M. Kurosawa et al. recently studied Al-induced crystallization of the a-Ge thin film on SiO2 substrate, and they have acquired the preferentially (111)-orienta- tion planes (~68%) poly-Ge thin film by decreasing the thickness of Al and Ge thin film to 50 nm [6] . Hu et al. have achieved the (111)-orientation planespoly-Ge (~70%) thin film on SiO2 substrate by using the GeOx diffusion control interlayer structure during Al-induced crystallization [7] . From Al-induced crystallization of the a-Ge thin film in our first experiments, we have gained (111)-orientation planes (~90%) poly-Ge thin film grown on SiO2 substrate by lowing the annealing temperature to 325˚C and forming AlOx diffusion control interlayer at the same time. In our second experiments, we investigate Al-induced crystallization of the poly-Ge thin film by lowering the crystallization temperature, which is depended on the layer exchange growth mechanism. The larger grains and (111)-orientation planes poly-Ge thin film on SiO2 substrate can be achieved by Al-induced crystallization technique at temperatures as low as 180˚C. We can also control the crystal orientation of poly-Ge thin film to (111)-orientation planesby regulating the annealing temperature during Al-in- duced crystallization, or the thickness of Al and Si thin film and the diffusion control interlayer (AlOx or GeOx) between Si and Al thin film [8] .

2. Experimental Details

During our first experiment, all Al thin films were deposited on SiO2 substrate at first, Al thin films were exposed to air for 1 min, 5 min and 30 min (tair) to grow native AlOx thin film as the diffusion control interlayer subsequently. Because the different exposure times corresponding to the different thicknesses of AlOx thin film. Afterwards, all a-Ge thin films were grown on these AlOx thin films. The thickness of Al and a-Ge thin film was measured to be 50 nm, this thickness size is advantageous for the optimize (111)-orientation planes [5] . All thin films were grown by using a RF magnetron sputtering method at room temperature. Finally, these thin films were annealed in N2 at the annealing temperature (Ta) 325˚C, 350˚C, 375˚C for 10 - 400 h. Because the annealing temperature should impact the (111)-orientation planes ratio of the ploy-Ge thin film. These thin films preparation procedure is schematically shown in Figure 1. During Al-in- duced crystallization, the surface morphology of crystallized poly-Ge thin film was estimated by Normarki optical microscopy, Ge and Al elemental composition in crystallized ploy-Ge thin film were evaluated by energy dispersive X-ray (EDX) analysis, the crystal state of crystallized poly-Ge thin film was appraised by X-ray diffraction (XRD) measurement, the (111)-orientation planes of crystallized ploy-Ge thin film was observed by electron backscattered diffraction (EBSD) measurement. Before EBSD measurement, these Al thin films and AlOx diffusion control interlayers on poly-Ge thin film were removed by HF solutions (~1.5%).

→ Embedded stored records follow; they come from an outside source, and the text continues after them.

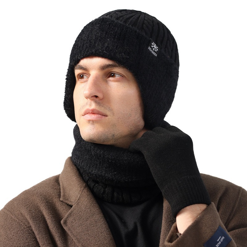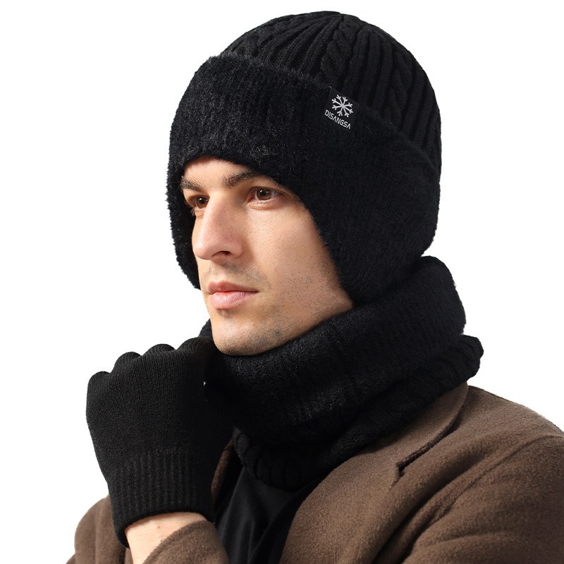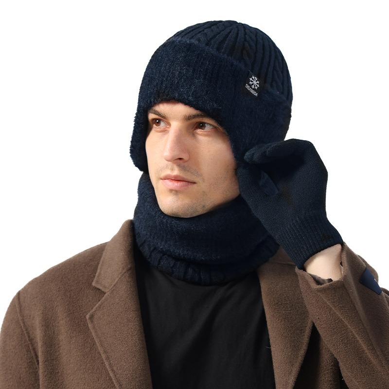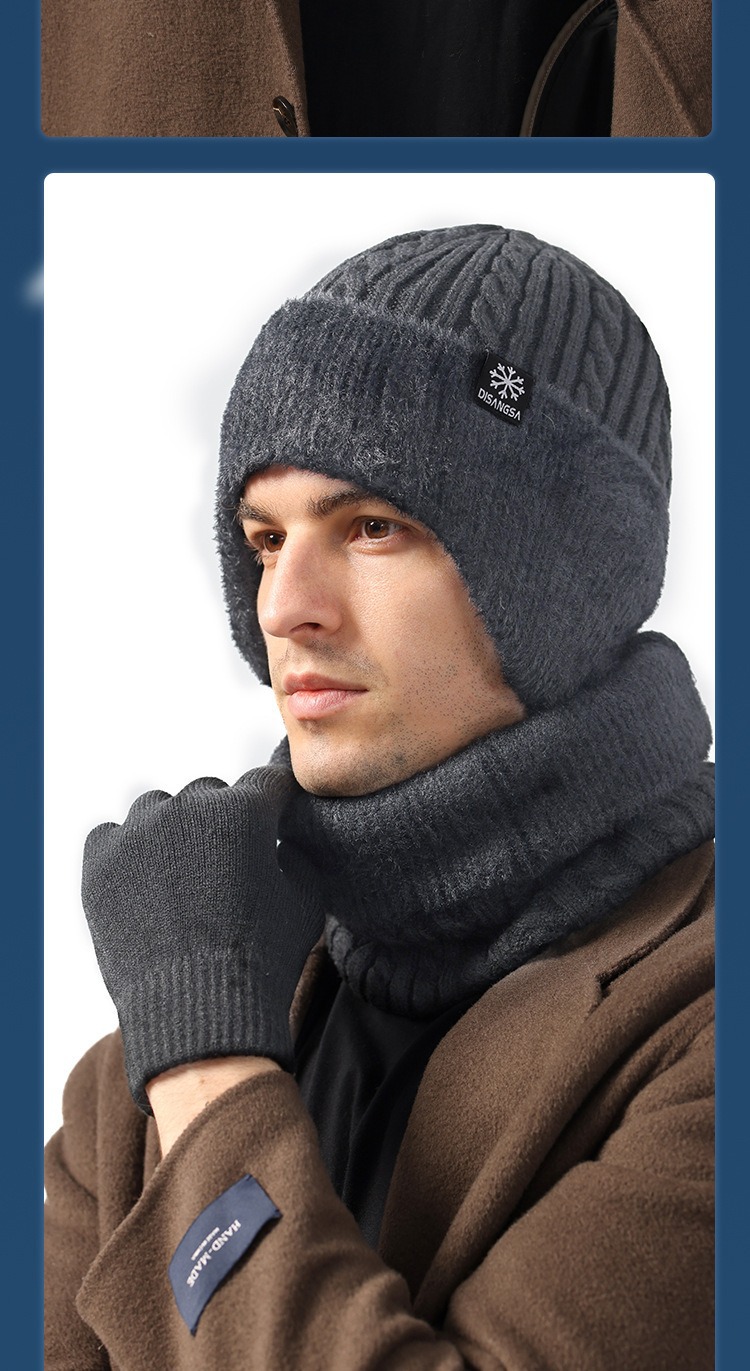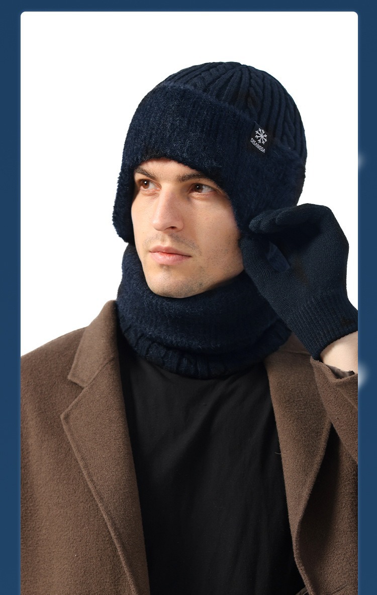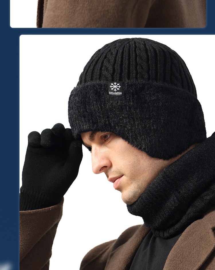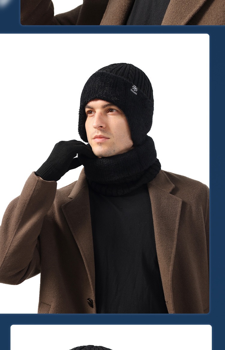 新款毛线帽子男士冬天加厚护耳围脖两件套装骑车抗寒保暖针织帽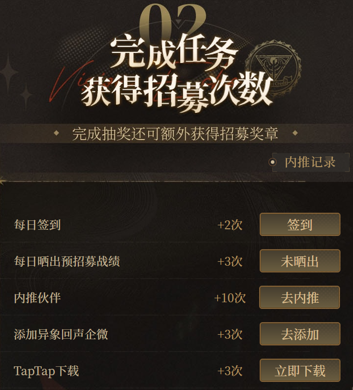 获取抽卡次数:通过关注游戏、预约参与、邀请好友等任务获得。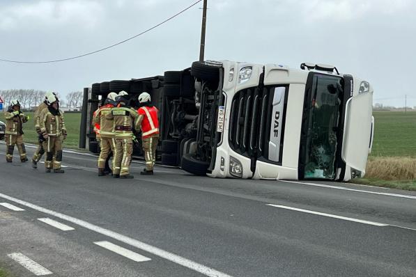 Veurne / Het weer Veurne / Het weer Tientonner van weg geblazen op N8 in Veurne, chauffeur gewond 18 februari 2022
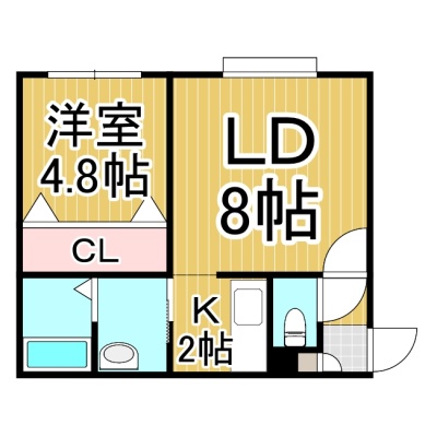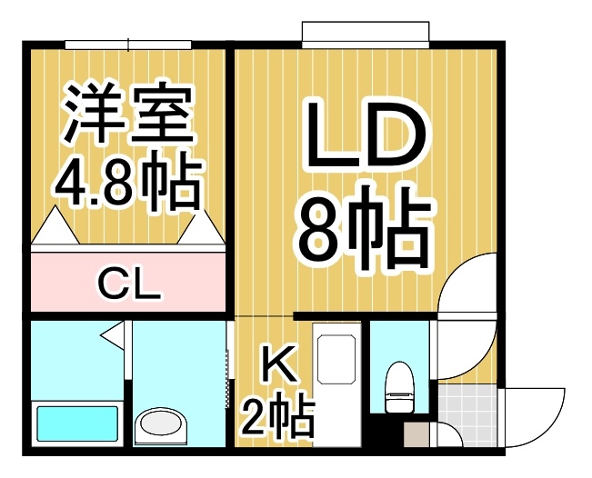 1LDK(34.02m²)└ DK8帖 K2帖 洋室4.8帖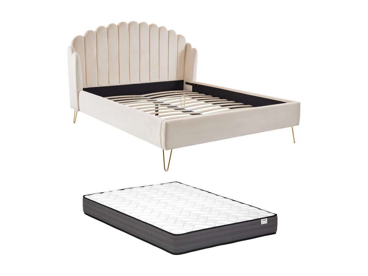 Vente-unique Lit 140 x 190 cm avec tête de lit ondulée - Velours - Beige + Matelas - SAGALI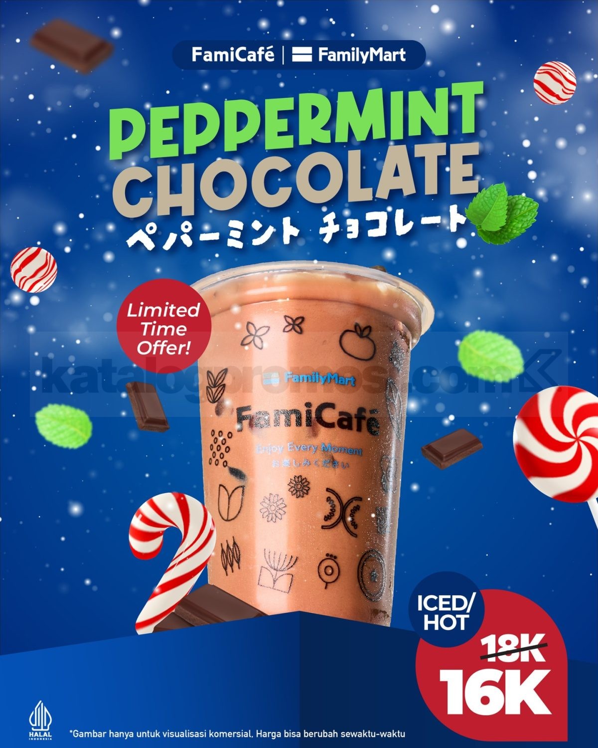 👉 Cek gambar Promo FamilyMart Peppermint Chocolate Rp. 16.000 di bawah ini untuk lihat tampilan minuman cokelat peppermint yang lagi ramai dibicarakan 👀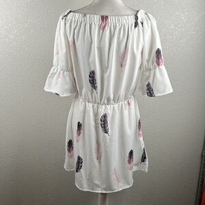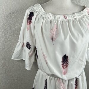 Boho Festival Coachella Off The Shoulder Feather Print Summer Dress Size Large
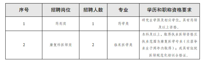 因工作需要,重庆市璧山区第二人民医院现面向社会公开招聘临聘工作人员3人(药剂岗1人,康复科医师岗2人)。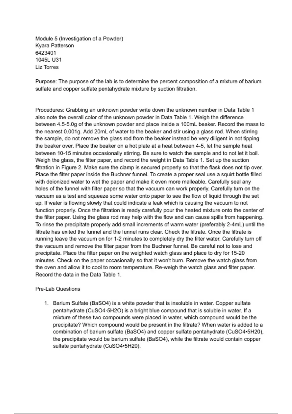 Pre-Labs for CHM1045L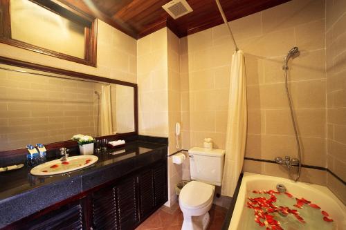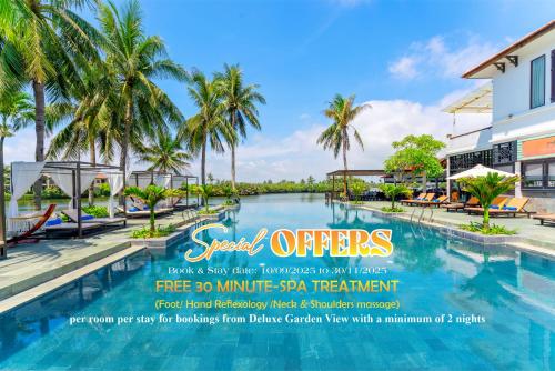 クアダイビーチとデヴォン川の間に位置するHoi An Beach Resortは、屋外プール2つ、無料Wi-Fi、ホイアン旧市街への往復シャトルサービスを提供しています。 Resort Hoi Anの客室は専用バルコニー付きで、庭園、川、または海の景色を見渡せます。全室にテレビ、セーフティボックス、紅茶/コーヒーメーカーが備わっています。 地元のクッキングクラスには、ホイアン市場へのボート遊覧(ガイド付)が含まれます。滞在中はWaterlilyスパでベトナム式のマッサージセラピーを楽しんだり、ビリヤード施設やフィットネスセンターを利用できます。 River Breezeレストランでは、川を一望するバルコニー席や屋内席で食事を楽しめます。SunshineバーやビーチフロントのSandsバーでは、スナックや軽食を用意しています。 Hoi An Beach Resortはダナン国際空港から車で45分、ホイアンの町の中心部から4kmです。追加料金にて空港シャトルを利用できます。
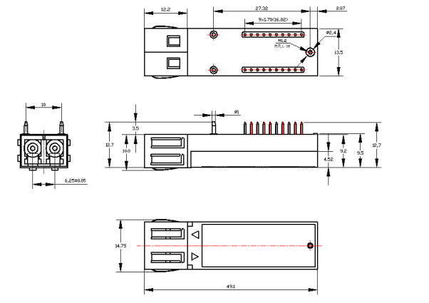 ● Compliant with Small Form Factor (SFF) Transceivers Multi-Sourcing Agreement (MSA)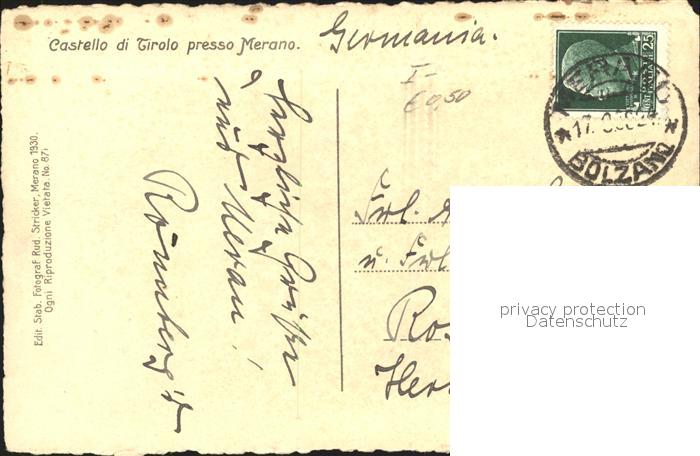 old postcard Merano Meran Castello di Tirolo presso Merano postalisch gelaufen Erhaltung siehe scans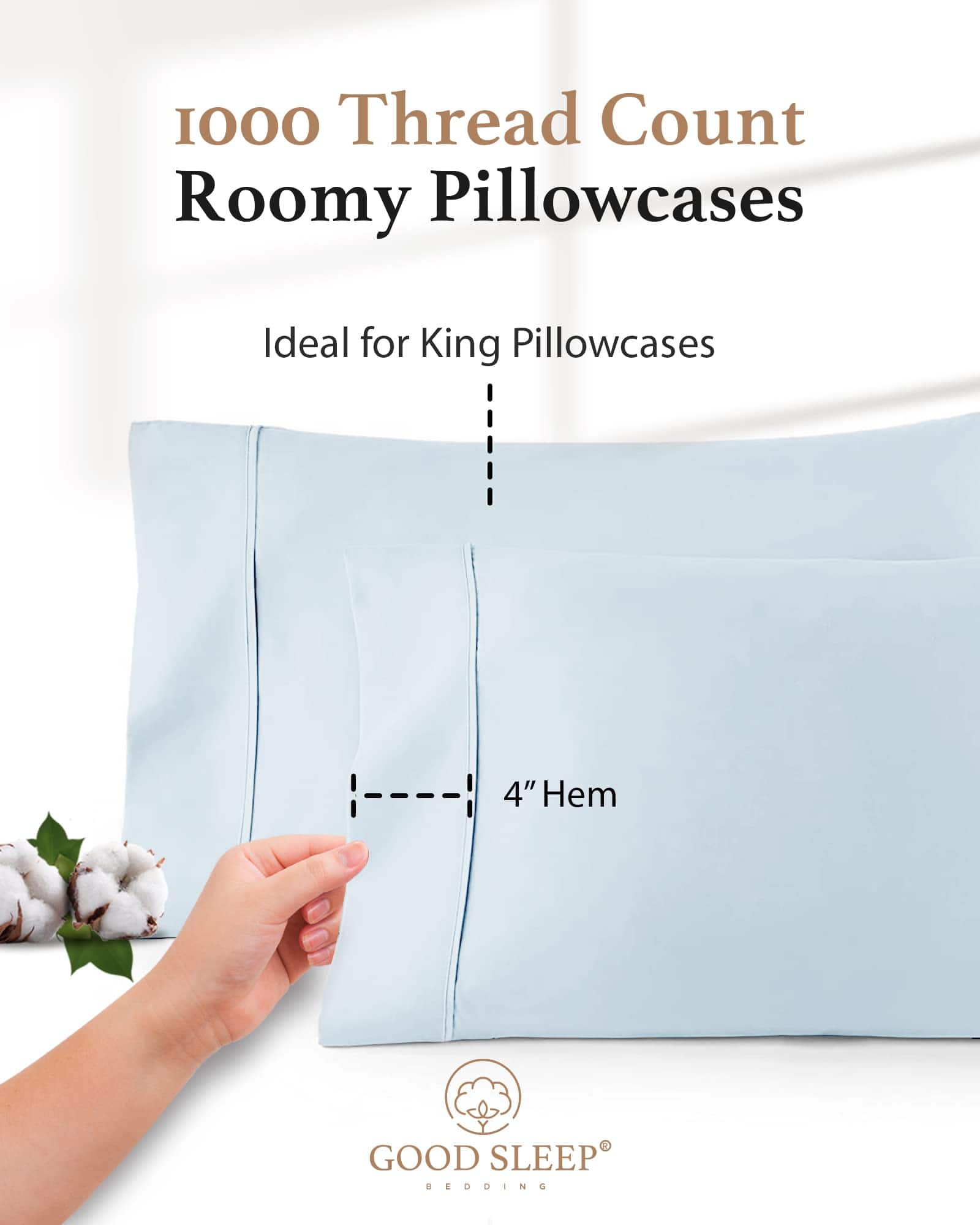 1000 TC Light Blue King Pillowcases Set of 4 100% Egyptian Cotton Pillow Cases with Long Staple Cotton & Sateen Weave, Silky Soft Hotel – Like Bed Pillow Covers for Comfy Sleeping, Snug Fit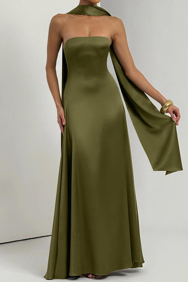 Vestido de tela satinada strapless con bufanda. Cómodo y elegante para cualquier evento formal que tengas.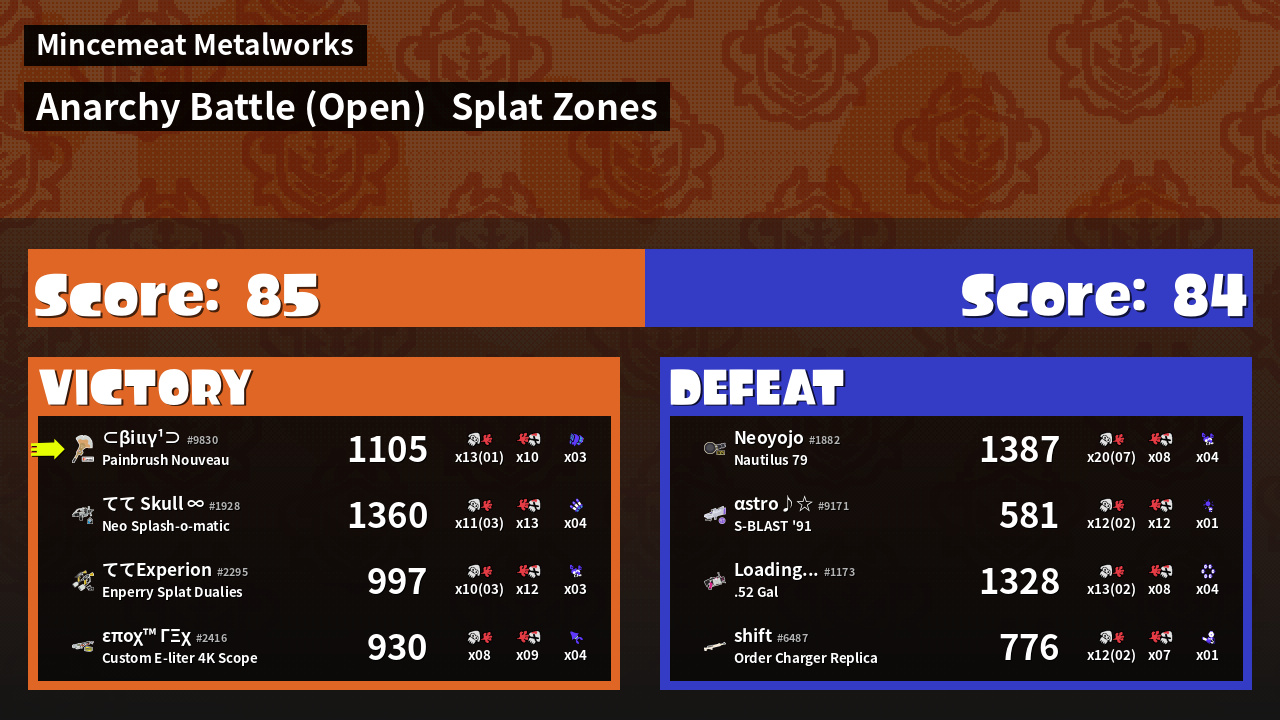 | Mode | Splat Zones - Anarchy Battle (Open) | ||
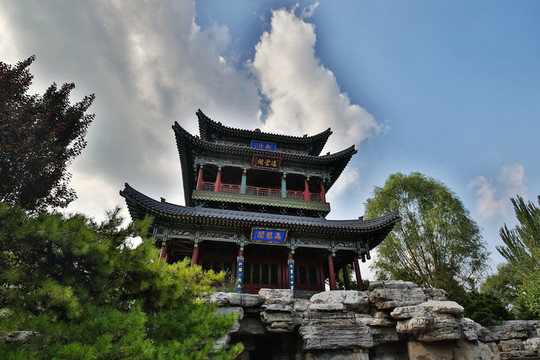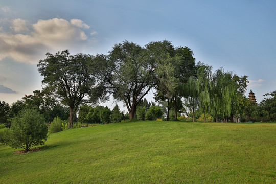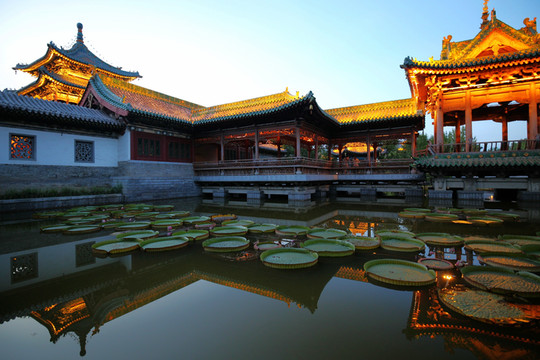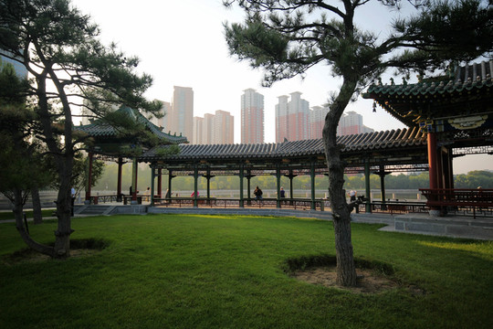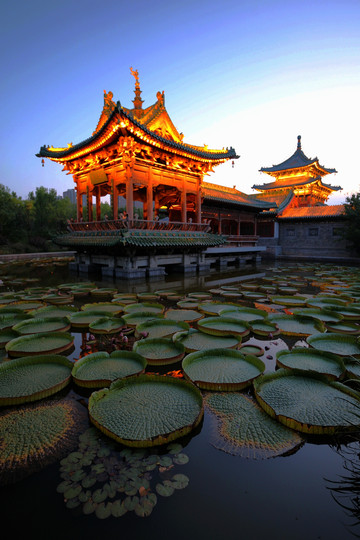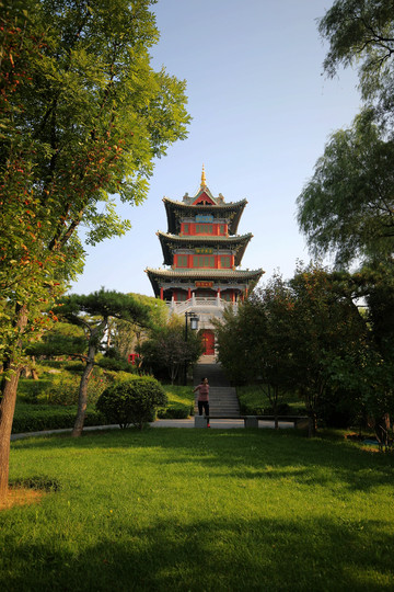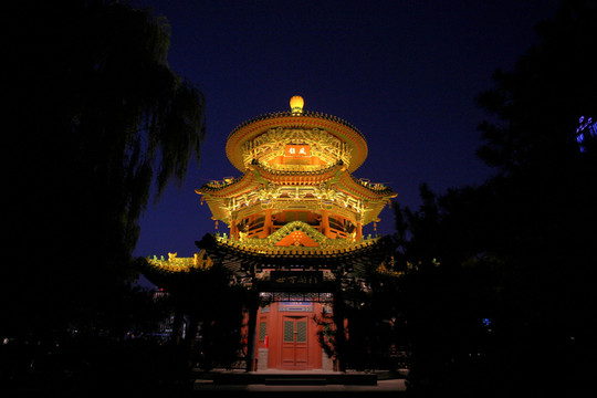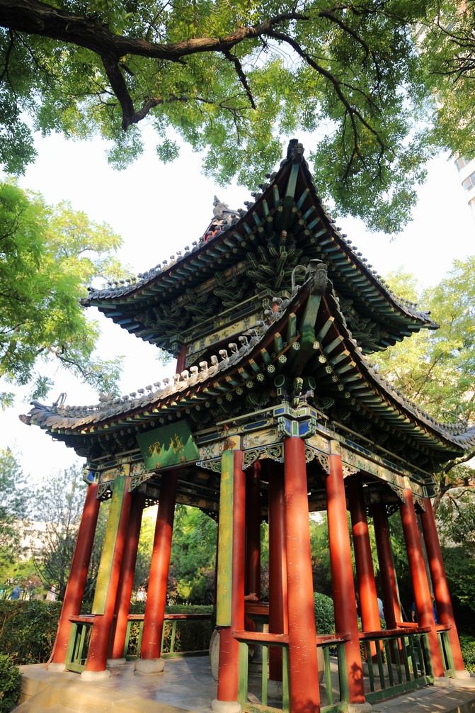 因為看見迎澤公園的古建築非常多,夜晚燈光也一定很美,於是從鐘樓街出來後,又再次來到公園,等待夜晚燈光的開啟。

In our second experiments, four kinds of thin film were prepared and summarized in Table 1. Thin film A was grown as follows: 50 nm thickness Al thin film was grown on SiO2 substrate, and bared to air for 5 min to get the native AlOx diffusion control interlayer, followed by a 50 nm thickness a-Ge thin film preparation. Thin film B has the same stacked layer structure as thin film A expect that it additionally has 1 nm thickness a-Ge insertion interlayer below Al thin film or on SiO2 substrate. Thin film C has the native GeOx diffusion control interlayer in substitution for the AlOx diffusion control interlayer in thin film A. Here, the GeOx diffusion control interlayer was prepared by 1 nm thickness a-Ge thin film grown on Al thin film which is exposed to air for 24 h. Thin film D has both of a-Ge insertion interlayer and GeOx diffusion control interlayer. Al and Ge thin film were prepared at room temperature using a RF magnetron sputtering method. Finally, these thin films were annealed at 180˚C - 350˚C in N2 for 0.1 - 100 h to induce layer exchange. By removing Al thin film and AlOx or GeOx diffusion control interlayer using HF solutions (1.5%) for 1 min, exposed poly-Ge film was obtained on SiO2 substrate. The poly-Ge thin film preparation procedure is shown in Figure 2 schematically. The crystallization time (the time for completing layer exchange in each thin film) was measured using Nomarski optical microscopy and Raman scattering spectroscopy. The crystal

Figure 1. Schematic structure of poly-Ge thin film preparation procedure in our first experiments.

Figure 2. Schematic structures of the poly-Ge thin film preparation procedure in our second experiments.

Table 1. Poly-Ge thin film prepared in our second experiments.

(111)-orientation planesof poly-Ge thin film was roughly evaluated by X-ray diffraction (XRD) rocking curve measurement. In addition, the detailed crystal (111)-orientation planes and the grain size were measured using electron backscattered diffraction (EBSD) measurement.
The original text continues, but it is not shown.